[AIM OF THE TASK]:
The reply should hold only the lines below beginning at the one with "Kviečiame visus studentus" and ending at the one with "Immunohistochemistry of paraffin-embedded", copied exactly, with every picture left out.

[SUPPLIED ENTRIES]:
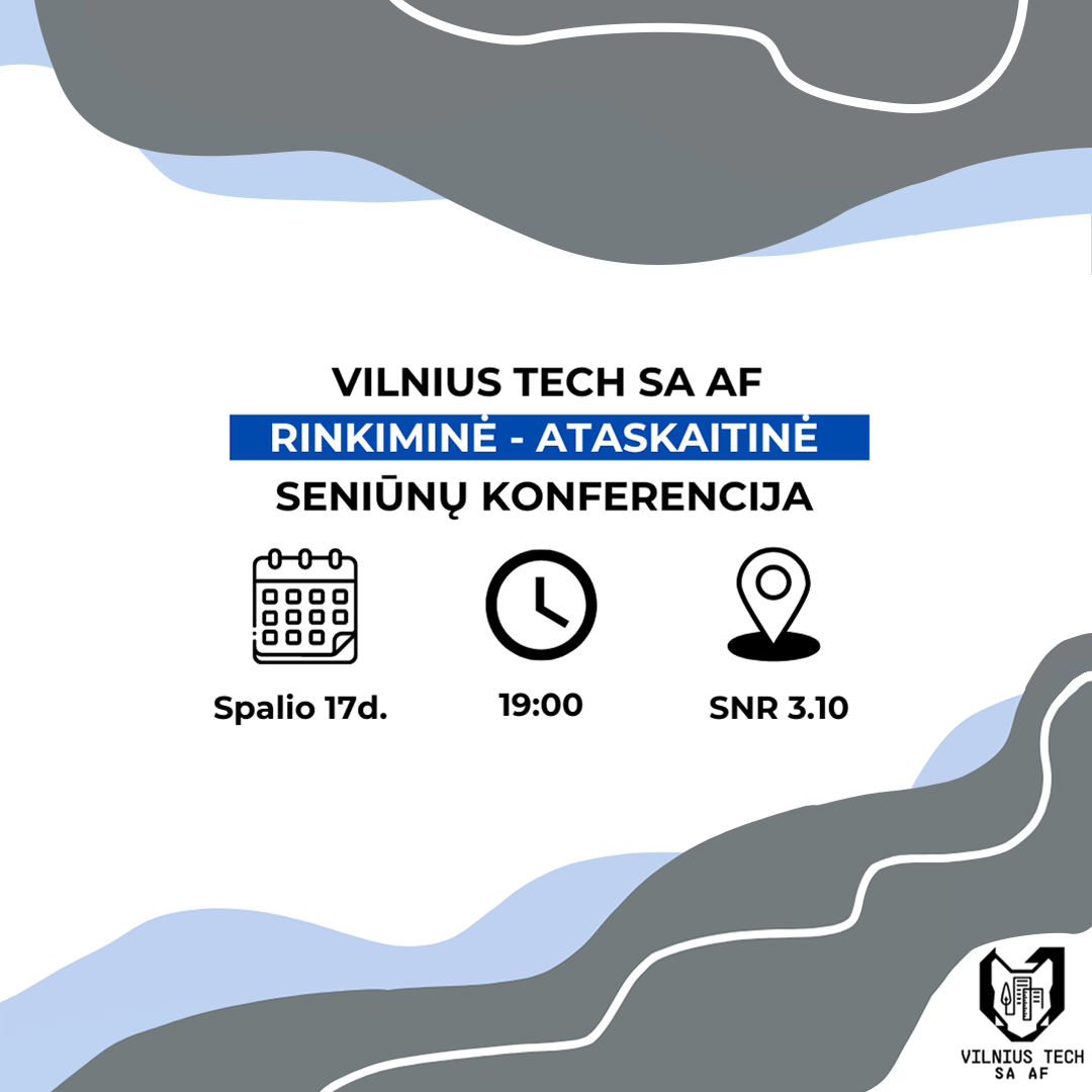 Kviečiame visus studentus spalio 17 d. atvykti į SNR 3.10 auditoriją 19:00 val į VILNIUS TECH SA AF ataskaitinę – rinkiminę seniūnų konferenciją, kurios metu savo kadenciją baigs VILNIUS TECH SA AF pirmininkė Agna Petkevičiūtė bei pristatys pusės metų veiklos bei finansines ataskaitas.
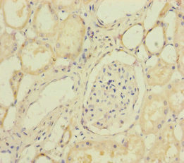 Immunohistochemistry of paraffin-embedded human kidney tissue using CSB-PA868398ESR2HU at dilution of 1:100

...

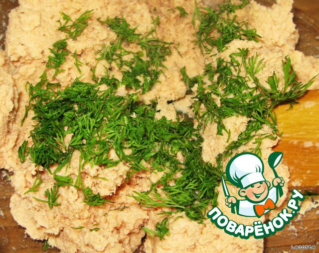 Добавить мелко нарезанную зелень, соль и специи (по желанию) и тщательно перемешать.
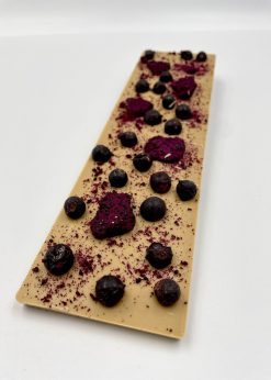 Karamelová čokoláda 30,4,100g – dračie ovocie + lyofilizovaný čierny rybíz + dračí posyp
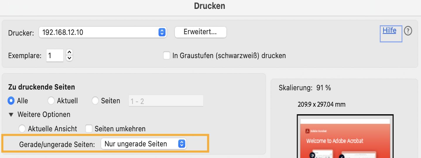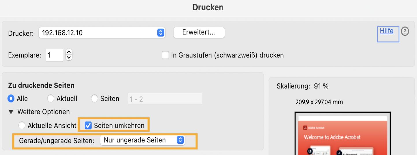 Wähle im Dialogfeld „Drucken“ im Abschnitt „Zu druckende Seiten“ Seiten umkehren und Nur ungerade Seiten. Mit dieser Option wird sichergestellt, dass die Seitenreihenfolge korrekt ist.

--

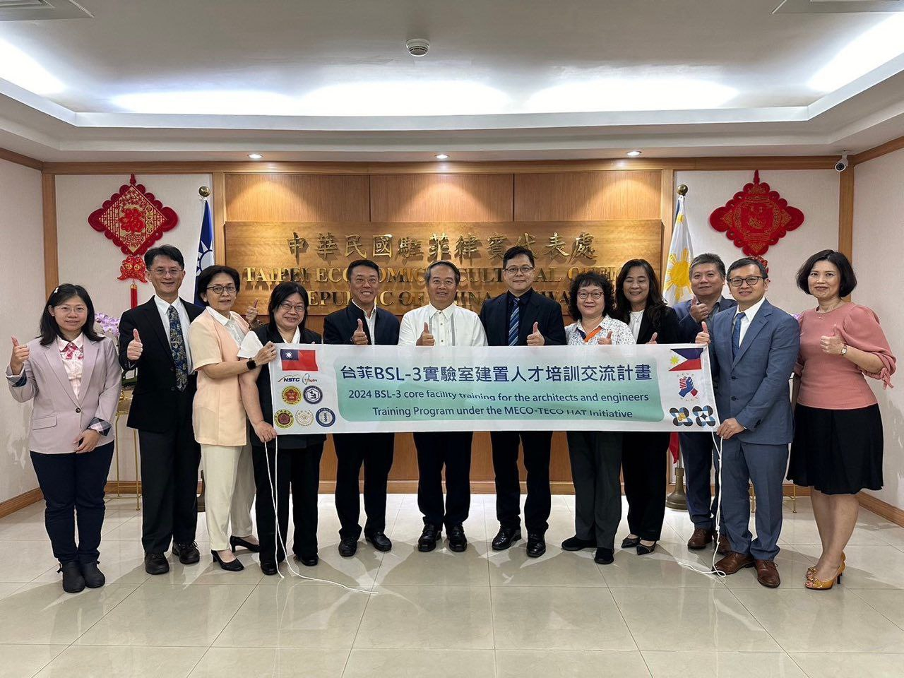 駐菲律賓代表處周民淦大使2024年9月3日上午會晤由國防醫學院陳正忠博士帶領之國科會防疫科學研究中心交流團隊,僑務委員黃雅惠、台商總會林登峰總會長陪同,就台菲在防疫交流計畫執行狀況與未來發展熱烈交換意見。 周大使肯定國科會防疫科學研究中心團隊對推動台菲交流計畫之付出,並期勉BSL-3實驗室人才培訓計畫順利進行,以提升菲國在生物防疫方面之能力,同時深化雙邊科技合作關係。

[TASK RESPONSE]:
 Kviečiame visus studentus spalio 17 d. atvykti į SNR 3.10 auditoriją 19:00 val į VILNIUS TECH SA AF ataskaitinę – rinkiminę seniūnų konferenciją, kurios metu savo kadenciją baigs VILNIUS TECH SA AF pirmininkė Agna Petkevičiūtė bei pristatys pusės metų veiklos bei finansines ataskaitas.
 Immunohistochemistry of paraffin-embedded human kidney tissue using CSB-PA868398ESR2HU at dilution of 1:100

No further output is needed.